На заляпанной кляксами витрине огромные каракули: оказывается, РЕМОНТ. Но почему-то всегда с другой стороны. Как писатель с читателем. И буквы, мало того, что совсем не туда, вдобавок еще и наоборот.
Я иду по притихшему Невскому, словно по коридору разомлевшей квартиры. А в конце коридора – Лавра. Как ВЫХОД.
Можно, конечно, и доехать, но я решил пройтись пешком. Всего две остановки. И потом надо собраться с мыслями. А то что-то все стушевалось. Мне нужно припомнить детали. Освежить.
А все-таки, правда, странно: я ничего не умею придумывать. Ведь для того чтобы придумать, надо сначала увидеть. Чтобы потом сравнить. А я вижу только себя. В окружении предметов, с которыми соприкасаюсь. Я не люблю фантазировать.
Зато у меня слух. Зрение останавливает и фиксирует. А слух опять приводит в движение. Но уже свое.
Слух – все равно что зерно. Прорастая, оно само в себе сделает отбор.
В каждом человеке скрыт художник. Но большинство ничего не слышит.

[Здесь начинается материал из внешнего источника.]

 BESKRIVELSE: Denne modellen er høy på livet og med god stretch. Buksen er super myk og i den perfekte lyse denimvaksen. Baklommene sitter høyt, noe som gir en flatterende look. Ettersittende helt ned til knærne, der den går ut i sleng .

Я пытаюсь припомнить ноябрь. Затянутые льдом лужи. Поземка. Промозглый ветер. Серокаменное здание морга. Два сосредоточенных мужика. Гроб. Мужики, глядя на гроб, что-то друг другу объясняют. Пар изо рта. Угрюмый ряд сараев (это уже из автобуса). Пьяная Клавдия Ивановна. По щекам Клавдии Ивановны текут слезы.
В Лавру заехали откуда-то сбоку и остановились. Молчаливое вылезание. Гроб выдвигается сзади.

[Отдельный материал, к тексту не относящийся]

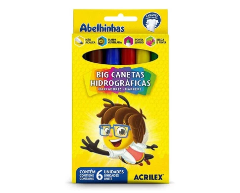 Com 6 cores vivas e intensas a Big Caneta Hidrográfica da Acrilex é perfeita para soltar a imaginação e deixar as obras de artes coloridas e incríveis, não perca mais tempo e aproveite!

Я подставляю под угол плечо. Екатерина Степановна держит венок. Тут же седой старичок-профессор. Знакомая старушка. Шатаясь на своих стоптанных каблуках, Клавдия Ивановна ко всем подходит и трогает за рукав: хочет, чтобы ей дали справку. Что она здесь присутствовала. По случаю смерти Натальи Михайловны Клавдия Ивановна уже третий день не выходит на работу.
А потом Наталья Михайловна осталась на ночь одна. До отпевания. Когда мы только приехали, то на столе стоял еще всего один гроб. А когда уходили, то из гробов уже образовалась очередь.
За несколько последних лет Наталья Михайловна накопила около четырехсот рублей (она бы накопила и больше, но появился дядя Вася); наверно, каждый месяц откладывала, рублей по шесть или семь; и потом завещала старушке, что к ней иногда наведывалась; три сотни на отпевание и на похороны, а остальное – на поминки.